Already on GitHub? Sign in to your account

cuSPARSELt matmul example not working on M=N=K8192 #203

Open
OrenLeung opened this issue Jul 30, 2024 · 12 comments
Open

cuSPARSELt matmul example not working on M=N=K8192 #203

OrenLeung opened this issue Jul 30, 2024 · 12 comments

Comments

@OrenLeung
Copy link

on https://github.com/NVIDIA/CUDALibrarySamples/tree/master/cuSPARSELt/matmul

the example runs fine on the existing small m,n,k, but unfortunately when i change my m,n,k to be 8192, i get a runtime error. any pointers or patches on how to fix it?

CUSPARSE API failed at line 191 with error: operation not supported (10)
https://github.com/NVIDIA/CUDALibrarySamples/blob/master/cuSPARSELt/matmul/matmul_example.cpp#L116-L118

@fbusato
Copy link
Collaborator

fbusato commented Jul 30, 2024

@OrenLeung a couple of questions to better understand your issue.

  • Are you using the latest cuSPARSELt version?
  • What CUDA version are you using? what OS?
  • Did you change anything else in the code?
  • Any chance that you can run compute-sanitizer and valgrind to check that all operations are valid in your system?

@OrenLeung
Copy link
Author

OrenLeung commented Jul 30, 2024

hi @fbusato , thanks for the quick reply.

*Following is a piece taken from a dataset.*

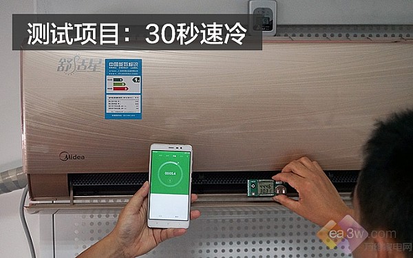 首先,在30秒速冷測試中,盡管房間內初始溫度高達30℃,美的舒適星、制冷王空調均順利完成30秒內將室溫從30℃將至26℃以下的測試,且持續平穩運行;

I didn't change anything else in the code, just the m,n,k vars. I was able to compile & run the matmul example with default m,n,k vars.

  • i am running cuda12.5 with 550 drivers
  • i am on ubuntu22
  • i am on HGX H100 SXM and the chassis manufacturer is dell
  • the latest cuSPARSELt
wget https://developer.download.nvidia.com/compute/cuda/repos/ubuntu2204/x86_64/cuda-keyring_1.1-1_all.deb
sudo dpkg -i cuda-keyring_1.1-1_all.deb
sudo apt-get update
sudo apt-get -y install libcusparselt0 libcusparselt-dev

I have double checked that my cusparse .so is at my cuda_home

ls /usr/local/cuda/lib64/libcusparse
libcusparse.so            libcusparseLt.so          libcusparseLt_static.a
libcusparse.so.12         libcusparseLt.so.0        
libcusparse.so.12.5.1.3   libcusparseLt.so.0.5.2.1

@fbusato
Copy link
Collaborator

fbusato commented Jul 30, 2024

it seems that you are using cuSPARSELt 0.5.2.1 which doesn't support Hopper https://docs.nvidia.com/cuda/cusparselt/release_notes.html libcusparseLt.so.0.5.2.1
My suggestion is to manually download and install the latest version here https://developer.nvidia.com/cusparselt-downloads?target_os=Linux&target_arch=x86_64&Distribution=Ubuntu&target_version=22.04&target_type=deb_local

@OrenLeung
Copy link
Author

Hi @fbusato

Thanks for the suggestion, I have now correctly symlinked to cuSPARSELt v0.6.2 using your suggestion. I have verifed that the provided m,n,k in the example works properly and does not deadlock.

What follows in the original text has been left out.